* bug#67988: [Cuirass] ‘request-work’ responses received by several workers
@ 2023-12-23 9:13 Ludovic Courtès
2024-05-28 21:50 ` Ludovic Courtès
2024-05-31 19:55 ` Ludovic Courtès
0 siblings, 2 replies; 3+ messages in thread
From: Ludovic Courtès @ 2023-12-23 9:13 UTC (permalink / raw)
To: 67988
Hello,
I’m under the impression that sometimes, when the server replies to
‘worker-request-work’ messages, its reply is received by more than just
the target worker, leading to builds being performed twice:
--8<---------------cut here---------------start------------->8---
ludo@berlin ~$ sudo grep lyhz5d1jb396m32dy0fs9h8vqzw95ddp /var/log/cuirass-remote-server.log
2023-12-23 00:15:29 141.80.167.184 (0LFowqzr): build started: '/gnu/store/lyhz5d1jb396m32dy0fs9h8vqzw95ddp-cdrdao-1.2.5.drv'.
2023-12-23 00:18:41 fetching 1 outputs of '/gnu/store/lyhz5d1jb396m32dy0fs9h8vqzw95ddp-cdrdao-1.2.5.drv' from http://141.80.167.184:5558
2023-12-23 00:18:45 build succeeded: '/gnu/store/lyhz5d1jb396m32dy0fs9h8vqzw95ddp-cdrdao-1.2.5.drv'
2023-12-23 00:21:20 141.80.167.159 (oNzYXCv5): build started: '/gnu/store/lyhz5d1jb396m32dy0fs9h8vqzw95ddp-cdrdao-1.2.5.drv'.
2023-12-23 00:24:31 fetching 1 outputs of '/gnu/store/lyhz5d1jb396m32dy0fs9h8vqzw95ddp-cdrdao-1.2.5.drv' from http://141.80.167.159:5558
2023-12-23 00:24:32 build succeeded: '/gnu/store/lyhz5d1jb396m32dy0fs9h8vqzw95ddp-cdrdao-1.2.5.drv'
ludo@berlin ~$ sudo ssh root@141.80.167.184 grep lyhz5d1jb396m32dy0fs9h8vqzw95ddp /var/log/cuirass-remote-worker.log
2023-12-23 00:12:32 0LFowqzr: building derivation `/gnu/store/lyhz5d1jb396m32dy0fs9h8vqzw95ddp-cdrdao-1.2.5.drv' (system: x86_64-linux)

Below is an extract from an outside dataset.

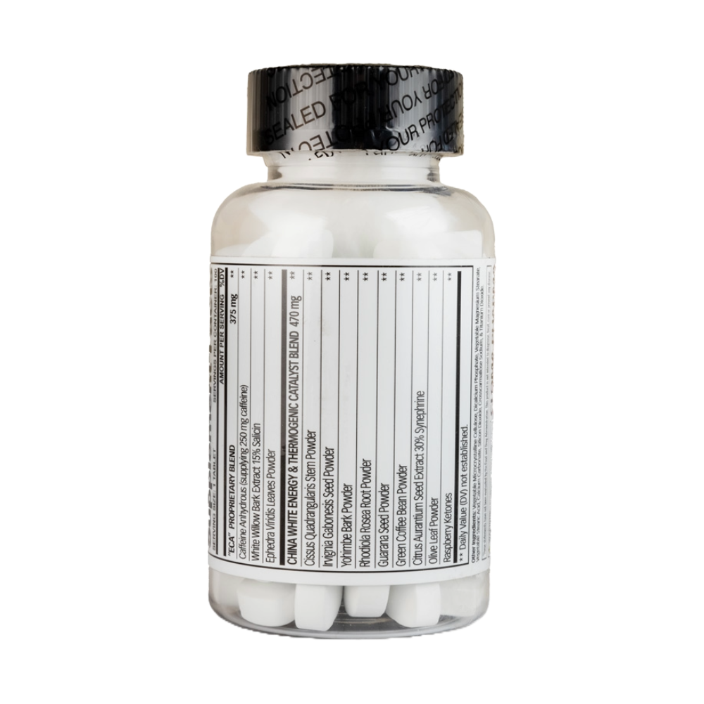 – China White Proprietary Blend (470mg): Rhodiola Rosea, Acacia Rigadula, Methylsynephrine, Irvingia Gabonensis, Yohimbe Extract, Guarana, Green Coffee Bean, Raspberry Ketones, Cissus Quadrangularis, Olive Leaf Extract.
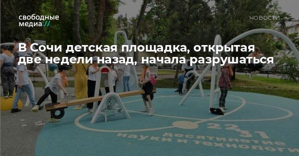 Открытая 1 июня детская площадка на Цветном бульваре в Сочи начала разрушаться, и власти закрыли её на ремонт, сообщает «Кавказский узел» (признано в России иностранным агентом).

2023-12-23 00:12:54 0LFowqzr: derivation /gnu/store/lyhz5d1jb396m32dy0fs9h8vqzw95ddp-cdrdao-1.2.5.drv build succeeded.
ludo@berlin ~$ sudo ssh root@141.80.167.159 grep lyhz5d1jb396m32dy0fs9h8vqzw95ddp /var/log/cuirass-remote-worker.log
2023-12-23 00:17:51 oNzYXCv5: building derivation `/gnu/store/lyhz5d1jb396m32dy0fs9h8vqzw95ddp-cdrdao-1.2.5.drv' (system: x86_64-linux)
2023-12-23 00:18:17 oNzYXCv5: derivation /gnu/store/lyhz5d1jb396m32dy0fs9h8vqzw95ddp-cdrdao-1.2.5.drv build succeeded.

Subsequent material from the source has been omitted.